I think the intention is for it to be low-key in terms of organization and overhead (compared to a sanctioned race). The nature of the ride itself is entirely up to the riders. If people want to ride for fun they can, while if others want to compete like they are in the Tour De France they can too. A lot of people take it pretty seriously but I'm a bit surprised that some would warm up on trainers. With the fastest time at 15:35 the performance of the lead riders is just amazing, and I suppose a controlled warm-up is necessary.



francois said:


> It's kind of depressing seeing how fast everyone is. I mean 51 riders under 20 minutes???


Note that this was a huge field for a low-key event. The median time of 21:03 was slower than the 20:24 when low-key last went to OLH in 2006.


----------



## answ (Sep 18, 2009)

I made it to OLH this last weekend and it was first time up the hill. I wanted to get under 20 min but I managed just over 21 min. I think I can get under 20 min if I try again because I wasn't really sure where the end was and I wasn't pacing myself up very quickly.


----------



## ukbloke (Sep 1, 2007)

answ said:


> I made it to OLH this last weekend and it was first time up the hill. I wanted to get under 20 min but I managed just over 21 min. I think I can get under 20 min if I try again because I wasn't really sure where the end was and I wasn't pacing myself up very quickly.

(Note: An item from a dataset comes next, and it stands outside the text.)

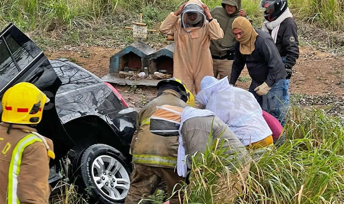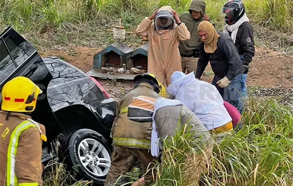 Sin embargo, las labores de rescate se vieron complicadas debido a que, luego del percance, un enjambre de abejas atacó a los pasajeros y a quienes intentaban auxiliarlos.

It looks like you got the median time - impressive! Pacing is pretty important on that climb, and it definitely helps to have ridden it before. I've been up that hill more than 50 times in the last 2 years! Although I recognize every tree on the way up, I have 3 visual points where I check my pace. These are at 1/3 and 2/3 distance, plus one closer to the end where I can judge whether I'm going to make a good time and decide how much to put myself in the hole for an all-out effort at the end.


----------